Source material ->
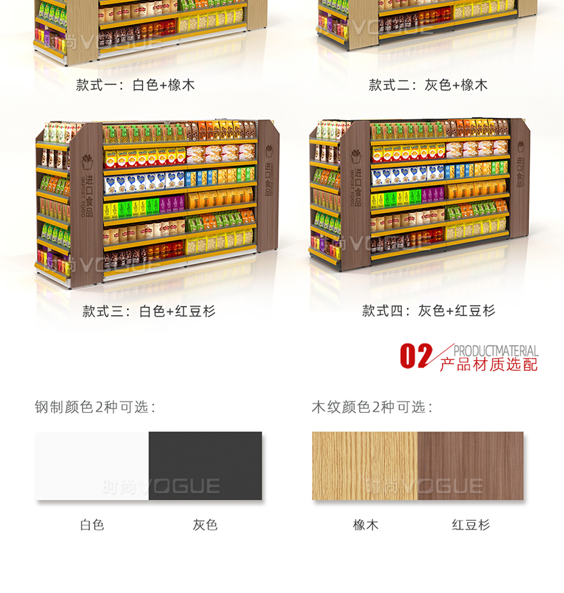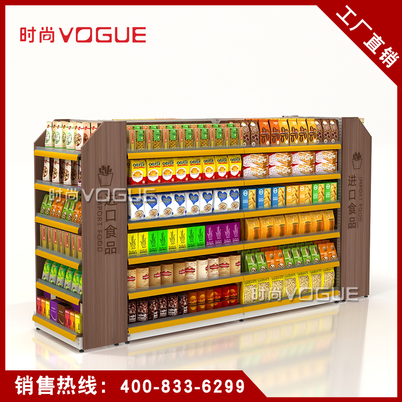 - 產(chǎn)品描述:便利店雙面零食貨架由深圳貨架廠時(shí)尚貨架打造,應(yīng)用于便利店內(nèi)的食品區(qū)域。
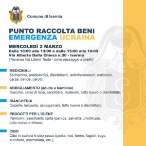 Nella giornata di domani, mercoledì 2 marzo, dalle ore 10 alle 13 e dalle 15 alle 19, sarà possibile donare beni di prima necessità, destinati alla popolazione ucraina, presso un punto di raccolta allestito – su coordinamento del Comune – in via Carlo Alberto Dalla Chiesa n. 30, a Isernia (traversa Via Libero Testa, zona passaggio a livello).
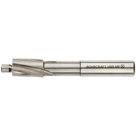Flachsenker mit festem Führungszapfen, Hochleistungs-Schnellarbeitsstahl, 3 Schneiden, 180° Senkwinkel. Anwendung: Zur Herstellung von Senkungen für Zylinderkopfschrauben, Sechskantschrauben und Muttern. Ideal zum grat- und ratterfreien Senken in Stahl, Guss, Bunt- undLeichtmetallen. Beste Ergebnisse bei niedriger Schnittgeschwindigkeit. Für Senkungen nach DIN 74, Blatt 2, Form H – J – K.
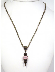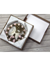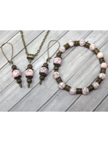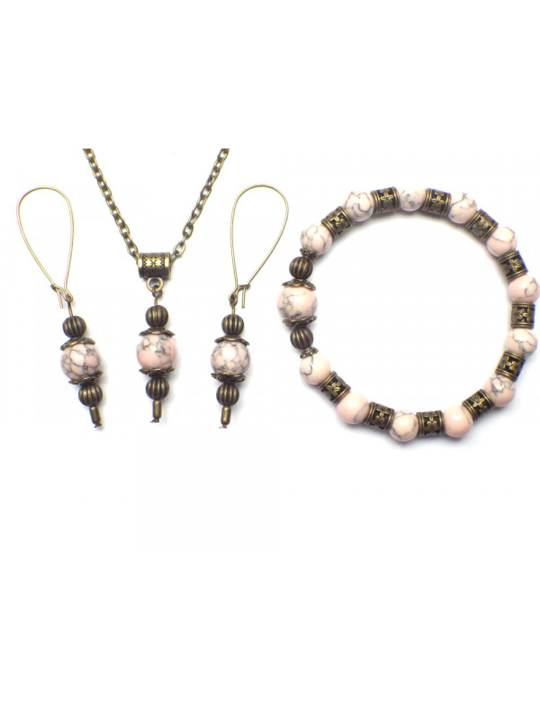 Magnífica pulsera, pendientes y collar vintage engastados en bronce antiguo. Hecho a mano, este conjunto de joyas que consta de una pulsera, pendientes de aro y un collar está elaborado con mimo y compuesto de turquesa reconstituida rosa y bronce antiguo. Todo está montado sobre un elástico resistente de calidad, aros elegantes y una cadena de bronce antiguo. Estilo: Bohemia, Pendientes de crochet vintage: criolla Altura de los pendientes: 60 mm Longitud de la pulsera: 19 cm Longitud de la cadena: 43 cm Cuentas: turquesa reconstituida rosa Materiales: bronce antiguo Color: rosa Color del metal: Bronce antiguo

What is needed -> Start at the line above containing "Nella giornata di" and stop at the line containing "Flachsenker mit festem": print those lines and everything between them exactly, but not the pictures.

Worked solution ->
 Nella giornata di domani, mercoledì 2 marzo, dalle ore 10 alle 13 e dalle 15 alle 19, sarà possibile donare beni di prima necessità, destinati alla popolazione ucraina, presso un punto di raccolta allestito – su coordinamento del Comune – in via Carlo Alberto Dalla Chiesa n. 30, a Isernia (traversa Via Libero Testa, zona passaggio a livello).
Flachsenker mit festem Führungszapfen, Hochleistungs-Schnellarbeitsstahl, 3 Schneiden, 180° Senkwinkel. Anwendung: Zur Herstellung von Senkungen für Zylinderkopfschrauben, Sechskantschrauben und Muttern. Ideal zum grat- und ratterfreien Senken in Stahl, Guss, Bunt- undLeichtmetallen. Beste Ergebnisse bei niedriger Schnittgeschwindigkeit. Für Senkungen nach DIN 74, Blatt 2, Form H – J – K.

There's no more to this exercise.